Search Engine (Python, MongoDB)
A TF-IDF search engine over the UCI ICS corpus with HTML-aware weighting, bigram indexing, PageRank, and a Flask JSON API.
Overview
I worked with a teammate to implement a production-style search engine for the UCI ICS corpus. The system builds an inverted index with token normalization and lemmatization, ranks results using TF-IDF combined with HTML tag importance and PageRank, and exposes a JSON API for search. We used Python for the pipeline, NLTK for preprocessing, BeautifulSoup for robust HTML parsing, and MongoDB for persistence and retrieval.
Highlights
- Inverted index over 37k+ pages with weighted tokens extracted from HTML, stored in MongoDB for fast aggregation queries.
- Ranking formula that multiplies TF, IDF, tag weight, and PageRank to surface authoritative matches.
- Bigram expansion of queries to capture short phrases.
- PageRank computation from outbound link graphs and persisted scores used at ranking time.
- Concurrent processing: multi-process indexing and multi-threaded TF-IDF computation and retrieval.
- Flask search API with CORS that returns top results with titles and snippets.
Architecture
- Data loading: bookkeeping map from document id to URL is inserted into
url_datain MongoDB. - Indexing: HTML is parsed, tokens are lemmatized and stop words removed; tag weights are applied; bigrams are generated; per-document token weights accumulate in memory.
- Link analysis: outbound links are extracted and a graph is built; PageRank scores are computed and stored.
- Scoring: TF-IDF is computed in parallel and multiplied by tag weight and PageRank; the result is written back to
collection. - Search: queries are preprocessed like documents, then MongoDB aggregation returns high-score postings which are combined into final rankings.
Technical Details
HTML-aware token weighting
We weight tokens based on tag importance to boost high-signal locations such as <title>, headings, and bold text. This produces better early-precision in results lists.
Bigram index for short phrases
After stop-word removal and lemmatization, we add bigrams like “artificial intelligence” to capture intent beyond single terms.
PageRank for authority
We build a link graph from extracted anchors, compute PageRank with damping, then inject those scores into the ranking multiplier, which favors well-referenced pages without ignoring relevance.
Parallelism
- Indexing runs with a process pool to parse and tokenize documents concurrently.
- TF-IDF uses a thread pool to compute token scores across the vocabulary.
- Retrieval queries per-token postings in parallel and merges scores thread-safely.
Data model in MongoDB
-
datacollection:{ document, url, links, main_content, page_rank }for snippets and link analysis. -
collection:{ token, documents: [{ document, score }] }for ranked postings and fast$unwind/$sort.
Ranking Formula
For token t in document d:
score(t, d) = tf(t, d) * idf(t) * tag_weight(t, d) * pagerank(d)
TF is frequency normalized by document token count.
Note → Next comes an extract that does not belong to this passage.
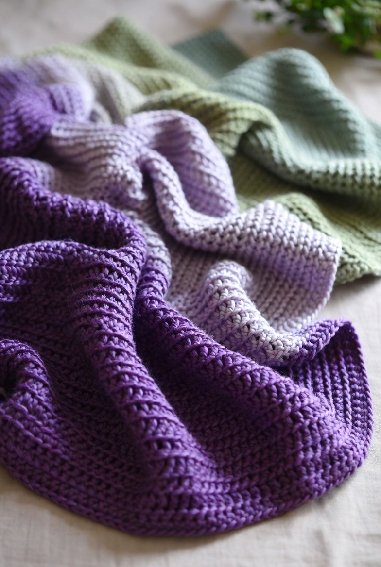 Inspired by the rolling lavender fields of the countryside, this blanket uses a restricted but powerful color palette. The focus is on a gradient that moves from deep, rich purples through lighter lilacs and misty lavenders, eventually fading into soft greens. You can achieve this effect by using yarn with long color changes or by manually changing colors every few rows. The soothing progression of colors is incredibly relaxing to both crochet and look at. It is a sophisticated take on the floral theme that feels calming.
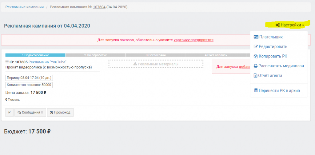 отредактировать медиаплан нажмите настройки и редактировать.

IDF is computed as log(N / df). Tag weight derives from the highest-value tag that emitted the token. PageRank comes from the link graph. Implementation uses precomputed IDF and PageRank maps for efficiency.
CLI and API
- CLI: an interactive loop accepts queries, times the search, and prints the top results with URLs and main content.
- API: a Flask endpoint accepts JSON
{ "query": "..." }and returns{ time_taken, total_docs, searched_top_n }for integration and demos.
How to Run
Prereqs: MongoDB running on localhost:27017, Python 3.8 or newer, and nltk, beautifulsoup4, pymongo, tqdm, numpy.
- Start MongoDB, then execute:
python src/main.py
main.py builds the index if absent, computes PageRank and TF-IDF, prints index statistics, and starts the interactive search loop. First run takes a few minutes on a typical laptop.
Results and Observations
- Early precision improves with tag weighting. Title and H1 tokens dominate top ranks for navigational queries.
- Authority bias from PageRank helps disambiguate head terms and reduces noisy pages that match only in body text.
- Throughput benefits from process and thread pools during indexing, scoring, and retrieval.
My Role
I focused on pipeline orchestration, HTML-aware preprocessing, ranking integration, and retrieval logic. Specifically: tag-weighted token emission, bigram expansion, TF-IDF computation with parallelism, and the search aggregator that merges per-token postings into final scores. I also helped wire PageRank into the score multiplier and structured the MongoDB schema for postings and snippets.
Appendix: Key Modules
-
preprocessing.pyfor tokenization, lemmatization, tag weighting, bigrams, link extraction, and snippet generation. -
indexing.pyfor multi-process indexing and inverted index creation. -
page_ranking.pyfor PageRank over the outbound link graph. -
ranking_calc.pyfor parallel TF-IDF with PageRank. -
mongodb_interaction.pyfor batch inserts and collection indexes. -
search.pyfor parallel retrieval and result formatting. -
tf_idf.pyas the orchestrator that builds the database, runs ranking, and prints statistics.